6. SOUNDBITE (English) Andrew Bolton, Curator in Charge, The Costume Institute at The Metropolitan Museum of Art:
“The garments date from the 17th century, early 17th century through to the present day. So there’s an enormous range and scope of garments and accessories. It’s one of the first shows we’ve done for many years that has over 50 accessories in the exhibition.”
7. Various pans of accessories
8. Various pans of dress
9 . SOUNDBITE (English) Andrew Bolton, Curator in Charge, The Costume Institute at The Metropolitan Museum of Art:
“So we work with an incredible small artist called Sissel Tolaas, and she actually collected molecular readings, smell molecules from garments.

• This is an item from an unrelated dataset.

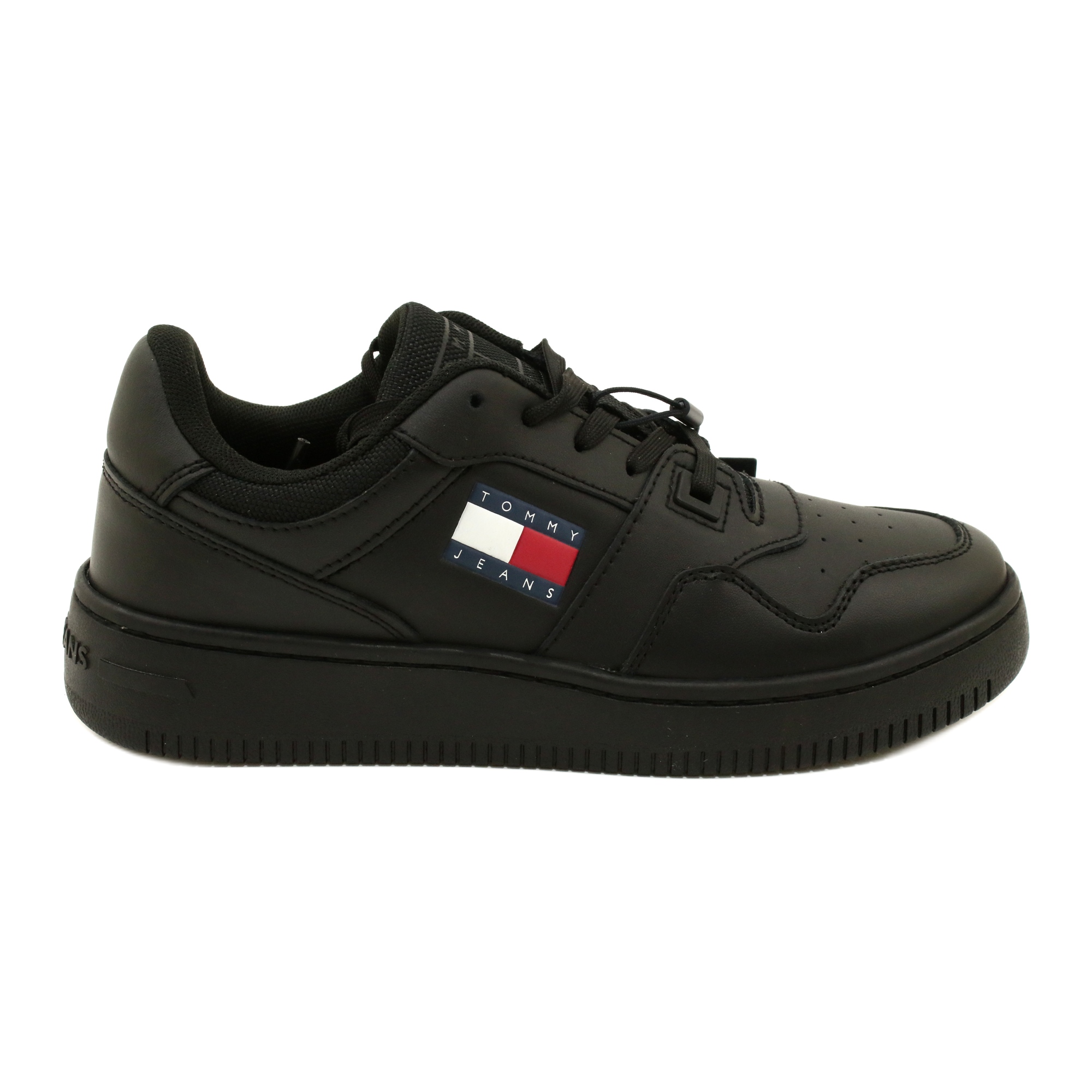 A Tommy Hilfiger retro kosár -esszi sportcipője ideális javaslat azoknak a nőknek, akik értékelik a stílus és a kényelem kombinációját a mindennapi tevékenységekben. A klasszikus fekete színű modell tökéletesen megy a különféle stilizációkkal, így ez a ruházat univerzális elemévé válik.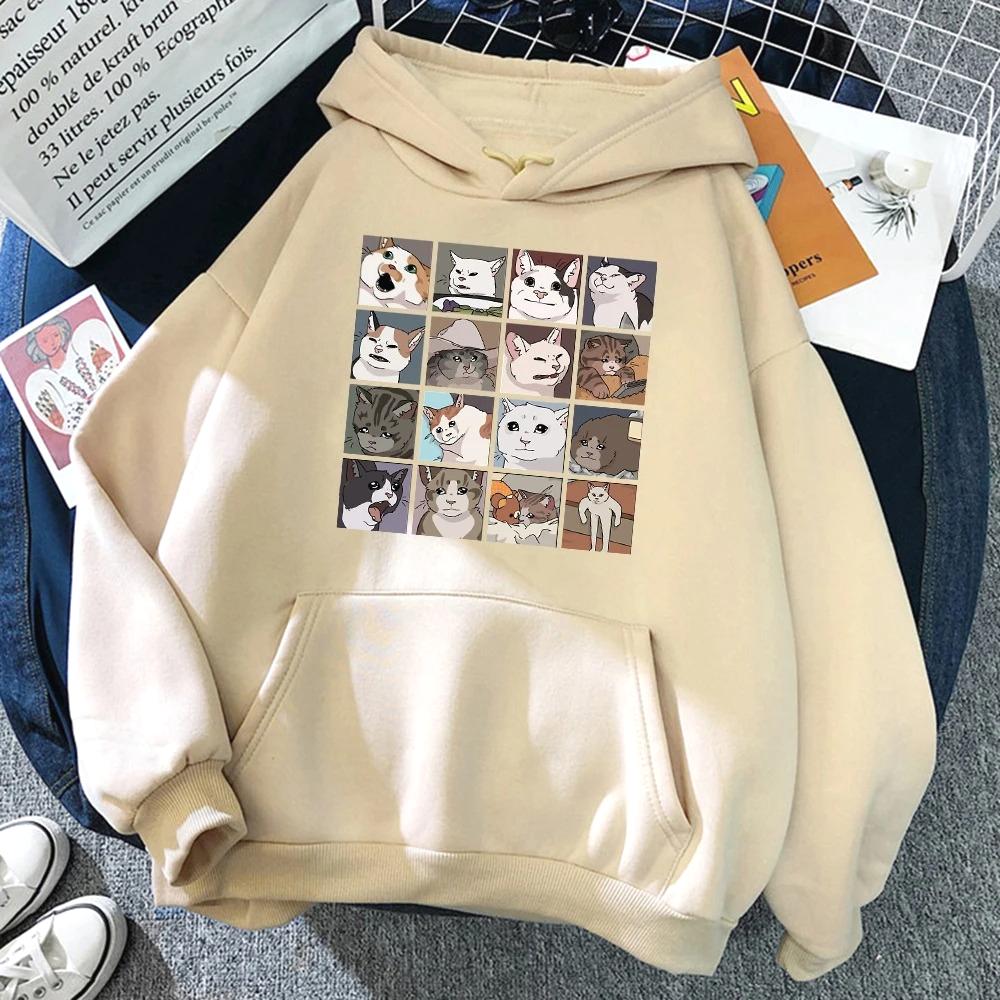 Meme Cats Cartoons Print Women Crewneck Hoodies Fleece Pullovers Fashion Casual Winter Fall Woman Clothing

So when you, you’re smelling the actual garments, you’re smelling the olfactory history of a garment, who wore it where she lived, or he, what they ate, what they drank, what they smoked. So that’s really interesting. It’s really the olfactory history of a garment.”
10. Pan of exhibit
11. Various of dress at exhibit
12. SOUNDBITE (English) Andrew Bolton, Curator in Charge, The Costume Institute at The Metropolitan Museum of Art:
“In a way they sort of selected themselves, the garments because they’re all from our permanent collection. We have over 33,000 pieces in our collection, and we have about 220 on display. So not, not a huge amount, but yeah, a fraction of what we have.”
13. Various pans of dresses at exhibit
STORYLINE:
Sure, she was a royal princess and all. But there’s no way Sleeping Beauty ever had quite the fabulous wardrobe that’s been assembled at the Metropolitan Museum of Art.
“Sleeping Beauties: Reawakening Fashion” is the Costume Institute exhibit that debuts at Monday’s Met Gala.
It’s centered on 16 fragile garments that have been slumbering and cannot be displayed upright. But there are 220 items in total in the huge nature-themed, multisensory show that curator Andrew Bolton says is one of the museum’s most ambitious yet.
The show opens to the public Friday and runs through Sept. 2.